We know from medical image processing used, for example, to diagnose lung cancer, that machine learning models can provide a highly accurate assessment for new patients when trained with enough data. However, knowing the final prediction is not enough. Doctors need to understand why and where the AI algorithm detected cancer. The same is true for engineering applications.

“Knowing that a door is not manufacturable is not enough. You need to understand why, and even more importantly how you could change the design and operating conditions to make it manufacturable”, says Project Leader Dr Joël Henry. Therefore, the goal is to build a new version of explainable AI that will provide clear feedback to engineers on how it arrived at its conclusions, removing the ‘black box’ dilemma.

Monolith AI and Imperial College London want to streamline the manufacturing process and provide a new competitive advantage to high volume manufacturers by using AI to learn from what could be manufactured in the past and predict what is best for new components, enabling engineers to build expert simulations based on repetitive tasks and historic data.

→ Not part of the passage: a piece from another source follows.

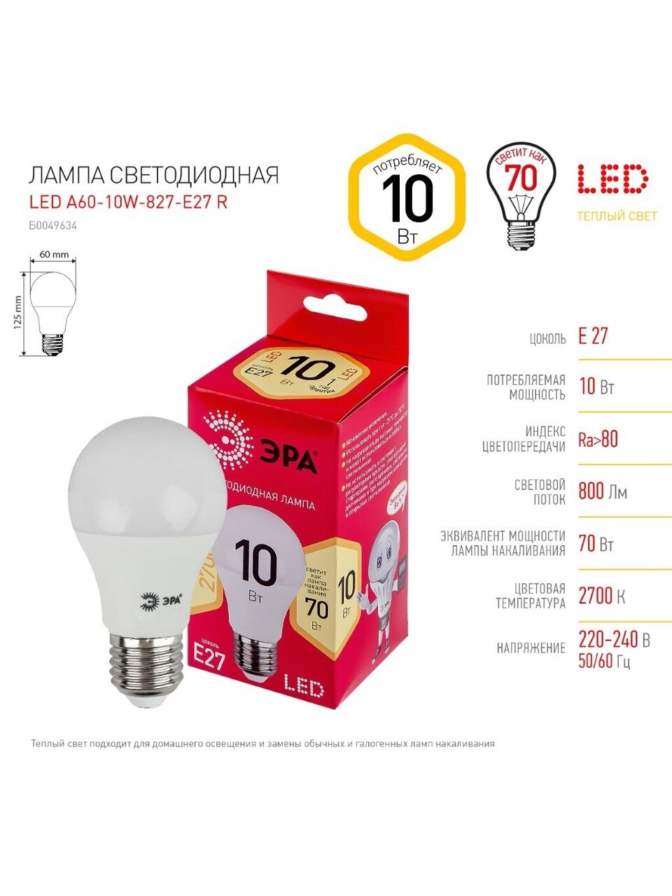 Светодиодная лампа ЭРА серии R мощностью 10 Вт с цветовой температурой 2700 K в цоколе E27 обладает теплым свечением, комфортным для глаз (температура наиболее приближена к утреннему или полуденному солнцу).
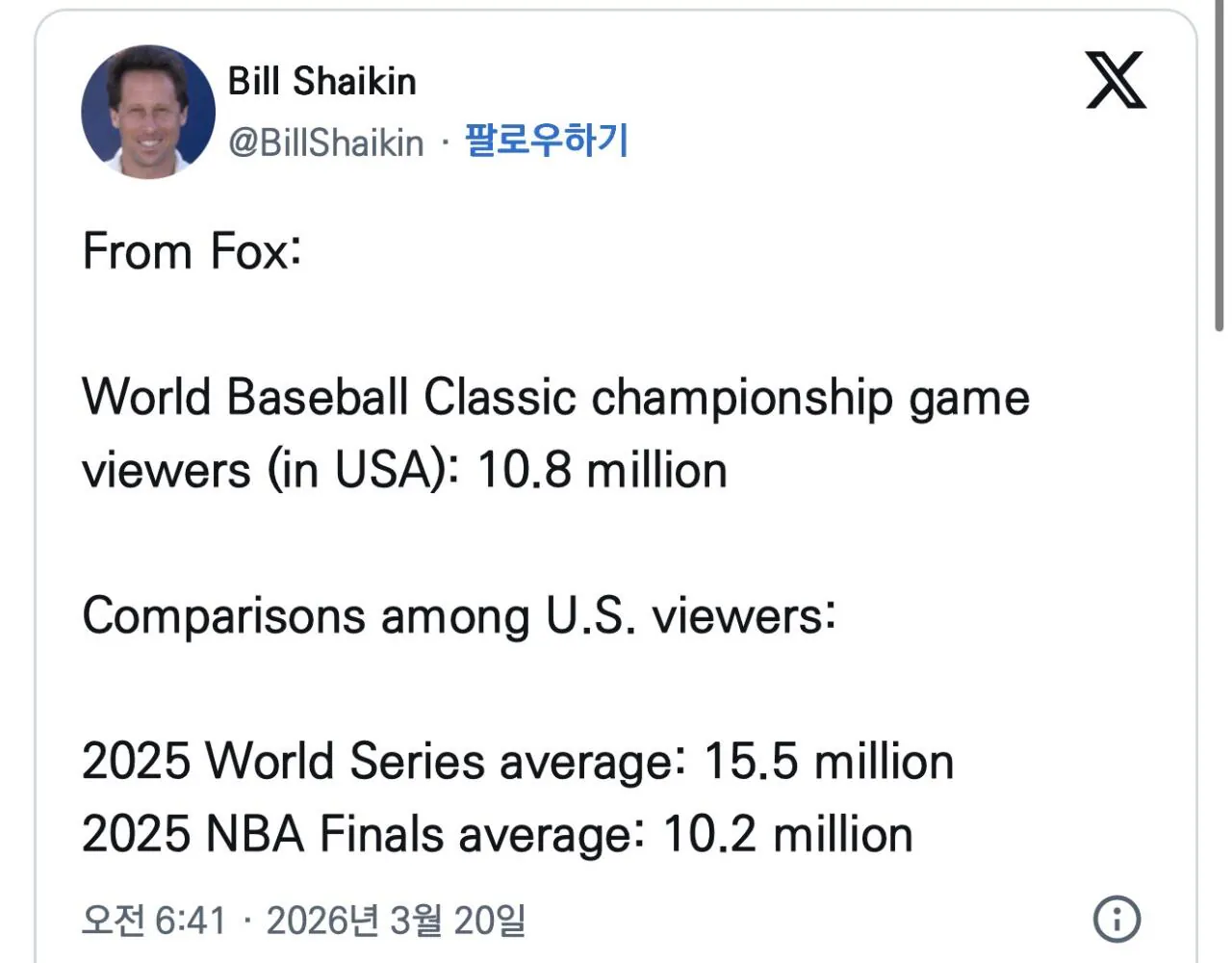 이번에 미국서 초대박난 WBC 결승 시청률 조회 0 | 댓글 0건 강승 2시간전 평균 1078만 최고 시청자 수 1200만 이상 지난 2025년 NBA 파이널보다 시청률 잘나옴 이제 이벤트 대회라고 치부하기엔 대회가 좀 커졌음 0

The platform will be developed over the course of 18 months and will be evaluated by multiple industry partners. If successful, the project is set to revolutionise Computer-Aided Engineering (CAE) within the manufacturing industry, allowing engineers to run complex manufacturability assessments in seconds compared to weeks.

Dr Richard Ahlfeld, CEO and founder of Monolith AI comments, “CAE has done a fantastic job advancing component manufacturing, but there are still many areas where physical simulations still cannot capture the true complexity of components.

“Large engineering companies collect a lot of data when assessing manufacturability and our goal is to make that data work to their advantage. This latest funding will allow us to explore this possibility and drive not only the automotive industry, but other sectors forward.”